On 11/27/18 8:49 PM, Christophe de Dinechin wrote:
(I did not finish the review, but decided to send what I already had).
On 22 Nov 2018, at 08:20, guangrong.xiao@xxxxxxxxx wrote:
From: Xiao Guangrong <xiaoguangrong@xxxxxxxxxxx>
This modules implements the lockless and efficient threaded workqueue.
I’m not entirely convinced that it’s either “lockless” or “efficient”
in the current iteration. I believe that it’s relatively easy to fix, though.
I think Emilio has already replied to your concern why it is "lockless". :)
Three abstracted objects are used in this module:
- Request.
It not only contains the data that the workqueue fetches out
to finish the request but also offers the space to save the result
after the workqueue handles the request.
It's flowed between user and workqueue. The user fills the request
data into it when it is owned by user. After it is submitted to the
workqueue, the workqueue fetched data out and save the result into
it after the request is handled.
fetched -> fetches
save -> saves
Will fix... My English is even worse than C. :(
+
+/*
+ * find a free request where the user can store the data that is needed to
+ * finish the request
+ *
+ * If all requests are used up, return NULL
+ */
+void *threaded_workqueue_get_request(Threads *threads);
Using void * to represent the payload makes it easy to get
the wrong pointer in there without the compiler noticing.
Consider adding a type for the payload?
Another option could be taken is exporting the ThreadRequest to the user
and it's put at the very beginning in the user-defined data struct.
However, it will export the internal designed things to the user, i am
not sure it is a good idea...
+ *
+ * Author:
+ * Xiao Guangrong <xiaoguangrong@xxxxxxxxxxx>
+ *
+ * Copyright(C) 2018 Tencent Corporation.
+ *
+ * This work is licensed under the terms of the GNU LGPL, version 2.1 or later.

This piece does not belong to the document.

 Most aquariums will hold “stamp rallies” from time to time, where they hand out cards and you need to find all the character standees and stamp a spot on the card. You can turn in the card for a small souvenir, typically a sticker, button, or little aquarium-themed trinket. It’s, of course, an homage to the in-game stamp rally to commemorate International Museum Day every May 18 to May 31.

+ * See the COPYING.LIB file in the top-level directory.
+ */
+
+#include "qemu/osdep.h"
+#include "qemu/bitmap.h"
+#include "qemu/threaded-workqueue.h"
+
+#define SMP_CACHE_BYTES 64
+1 on comments already made by others
Will improve it.
+
+/*
+ * the request representation which contains the internally used mete data,
mete -> meta
Will fix.
+ * it is the header of user-defined data.
+ *
+ * It should be aligned to the nature size of CPU.
+ */
+struct ThreadRequest {
+ /*
+ * the request has been handled by the thread and need the user
+ * to fetch result out.
+ */
+ uint8_t done;
+
+ /*
+ * the index to Thread::requests.
+ * Save it to the padding space although it can be calculated at runtime.
+ */
+ uint8_t request_index;
So no more than 256?
This is blocked by MAX_THREAD_REQUEST_NR test at the beginning
of threaded_workqueue_create, but I would make it more explicit either
with a compile-time assert that MAX_THREAD_REQUEST_NR is
below UINT8_MAX, or by adding a second test for UINT8_MAX in
threaded_workqueue_create.
It's good to me.
I prefer the former one that "compile-time assert that MAX_THREAD_REQUEST_NR
is below UINT8_MAX"
Also, an obvious extension would be to make bitmaps into arrays.

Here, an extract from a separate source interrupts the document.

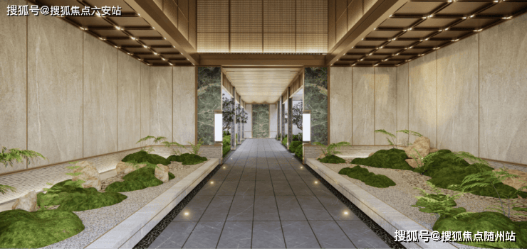 项目入口处设计活力街区,串联无限广场、天空绿岛、台阶剧场等六大创意场景,将城市公园的丰盛日常引入社区。归家路上,以璞丽酒店穿越竹林的入口设计,打造“璞丽长廊”隐奢酒店式入口,融合项目定制精奢门牌等,呈现处处是专属、步步有迎接的独家尊属体验。

Do you think someone would want to use the package to assign
requests per CPU or per VCPU? If so, that could quickly go above 64.
Well... it specifies the depth of each single thread, it has negative
affection if larger depth is used, as it causes
threaded_workqueue_wait_for_requests() too slow, at that point, the
user needs to wait all the threads to exhaust all its requests.
Another impact is that u64 is more efficient than bitmaps, we can see
it from the performance data:
https://ibb.co/hq7u5V
Based on those, i think 64 should be enough, at least for the present
user, migration thread.
+
+ /* the index to Threads::per_thread_data */
+ unsigned int thread_index;
Don’t you want to use a size_t for that?
size_t is 8 bytes... i'd like to make the request header more tiny...
+} QEMU_ALIGNED(sizeof(unsigned long));
Nit: the alignment type is inconsistent with that given
to QEMU_BUILD_BUG_ON in threaded_workqueue_create.
(long vs. unsigned long).
Yup, will make them consistent.
Also, why is the alignment required? Aren’t you more interested
in cache-line alignment?
ThreadRequest actually is the header put at the very beginning of
the request. If is not aligned to "long", the user-defined data
struct could be accessed without properly aligned.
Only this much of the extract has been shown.